What is expected: Using the data below, reproduce exactly the lines from the line with "常見於廉價或量產沙發,初期坐感柔軟,但支撐結構鬆散,長期受壓容易斷裂崩塌,壽命通常僅約 1~3 年。" to the line with "Odmiana kombi A4", both included; pictures must be dropped.

Information given:
□ □ □

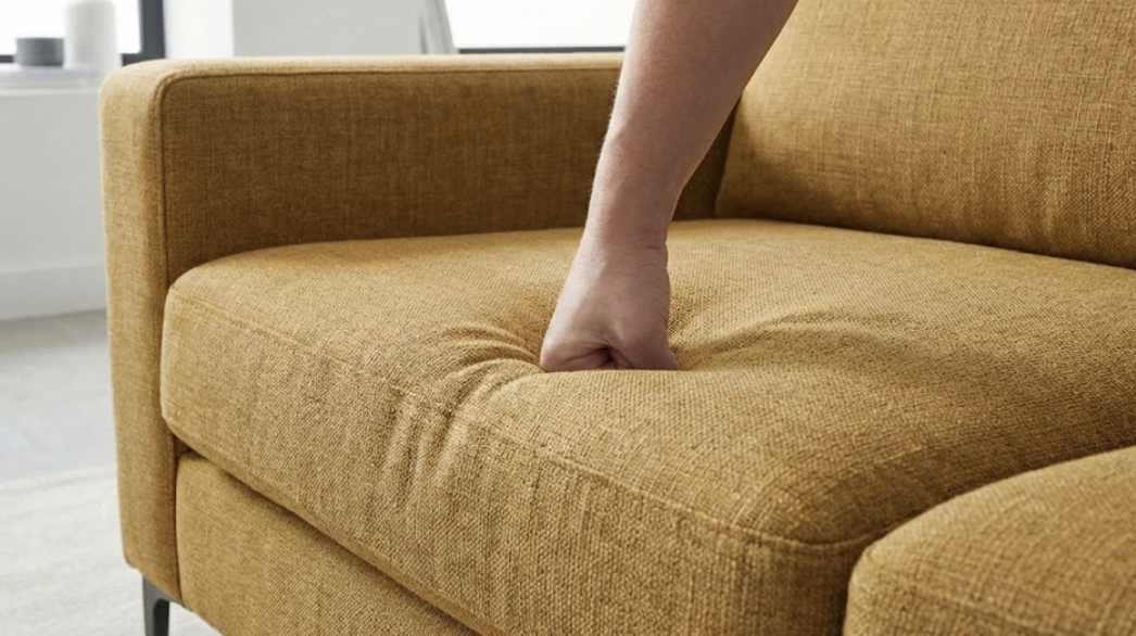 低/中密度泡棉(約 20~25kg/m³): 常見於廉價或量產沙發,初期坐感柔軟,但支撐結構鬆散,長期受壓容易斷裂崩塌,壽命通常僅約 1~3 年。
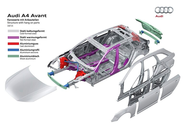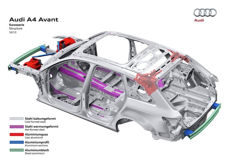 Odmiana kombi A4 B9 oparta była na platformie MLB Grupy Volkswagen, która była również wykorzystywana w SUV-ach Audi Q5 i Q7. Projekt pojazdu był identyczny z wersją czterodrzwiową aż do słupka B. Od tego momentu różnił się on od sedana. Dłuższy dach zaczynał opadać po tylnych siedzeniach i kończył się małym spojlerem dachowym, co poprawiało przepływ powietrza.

□ □ □

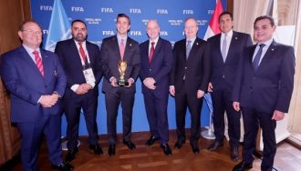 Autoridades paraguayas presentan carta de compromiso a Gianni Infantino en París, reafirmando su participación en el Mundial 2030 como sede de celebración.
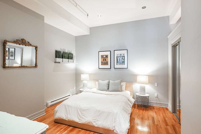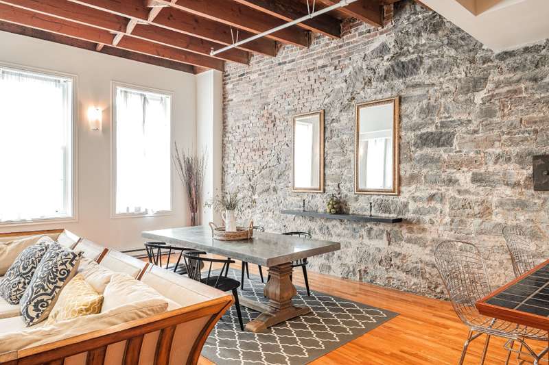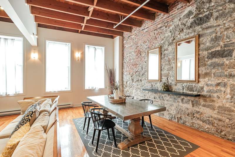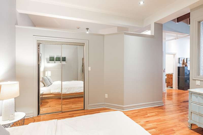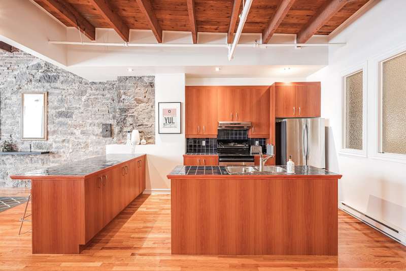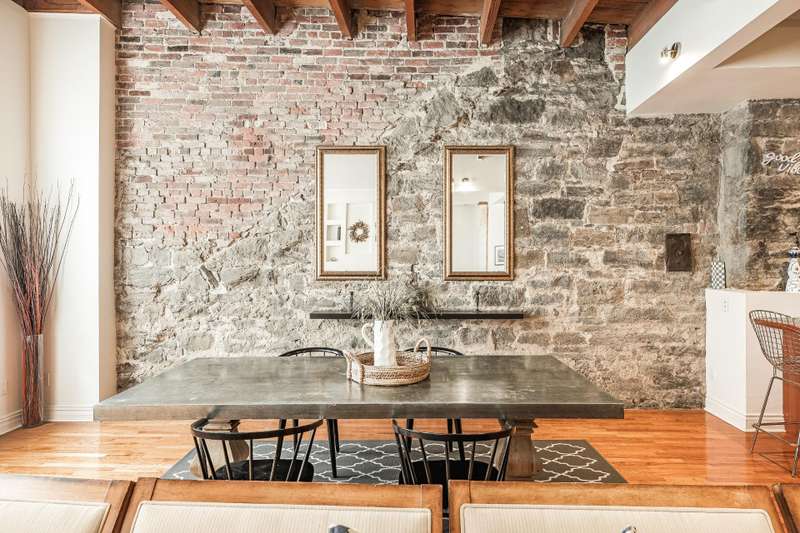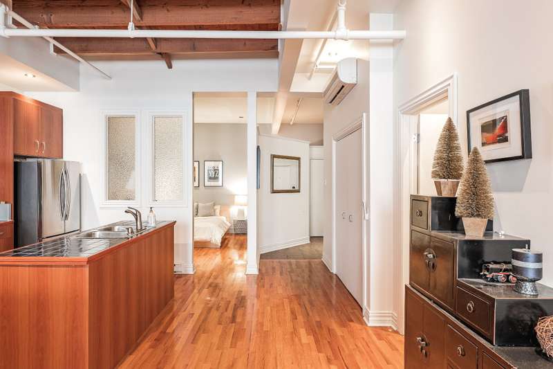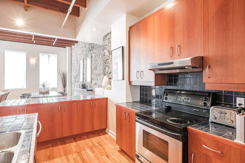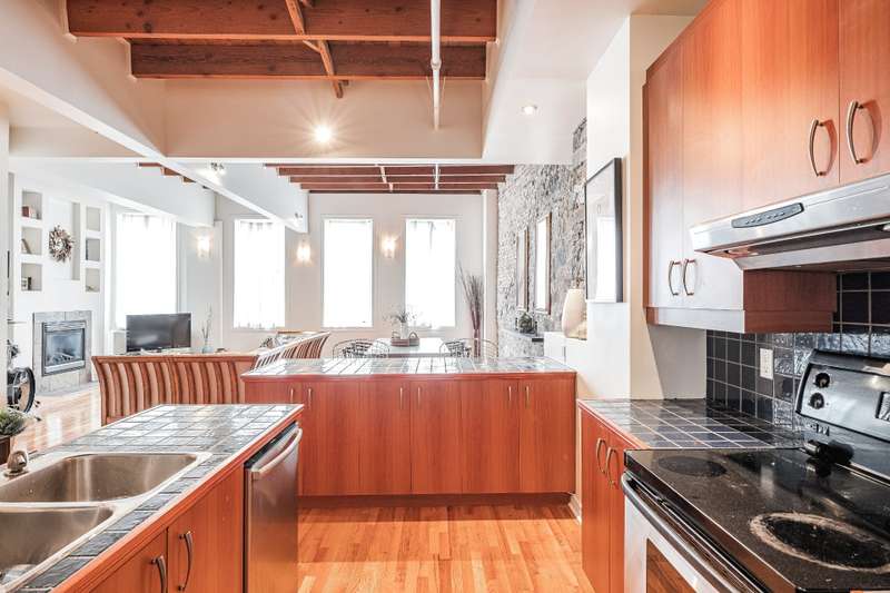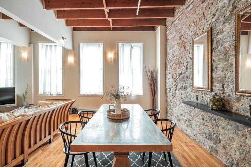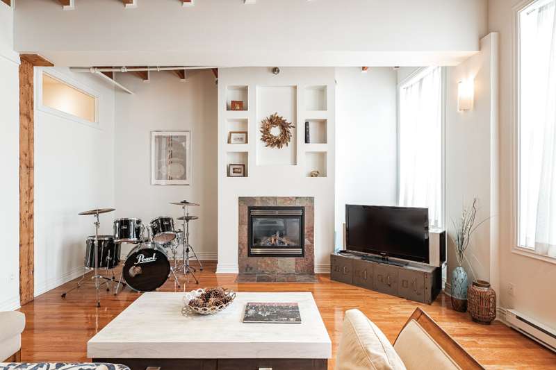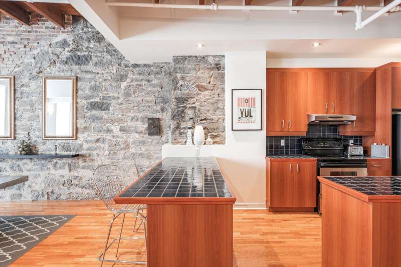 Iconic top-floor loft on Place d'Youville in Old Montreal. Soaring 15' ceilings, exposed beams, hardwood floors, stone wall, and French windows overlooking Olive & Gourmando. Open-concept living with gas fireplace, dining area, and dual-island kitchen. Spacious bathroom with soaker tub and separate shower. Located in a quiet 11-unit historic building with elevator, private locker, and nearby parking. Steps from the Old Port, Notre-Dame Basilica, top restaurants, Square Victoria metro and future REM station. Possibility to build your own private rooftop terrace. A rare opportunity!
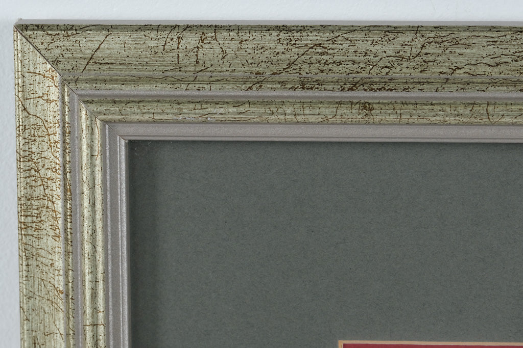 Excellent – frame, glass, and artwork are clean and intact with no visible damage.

□ □ □

Answer area:
 低/中密度泡棉(約 20~25kg/m³): 常見於廉價或量產沙發,初期坐感柔軟,但支撐結構鬆散,長期受壓容易斷裂崩塌,壽命通常僅約 1~3 年。
 Odmiana kombi A4 B9 oparta była na platformie MLB Grupy Volkswagen, która była również wykorzystywana w SUV-ach Audi Q5 i Q7. Projekt pojazdu był identyczny z wersją czterodrzwiową aż do słupka B. Od tego momentu różnił się on od sedana. Dłuższy dach zaczynał opadać po tylnych siedzeniach i kończył się małym spojlerem dachowym, co poprawiało przepływ powietrza.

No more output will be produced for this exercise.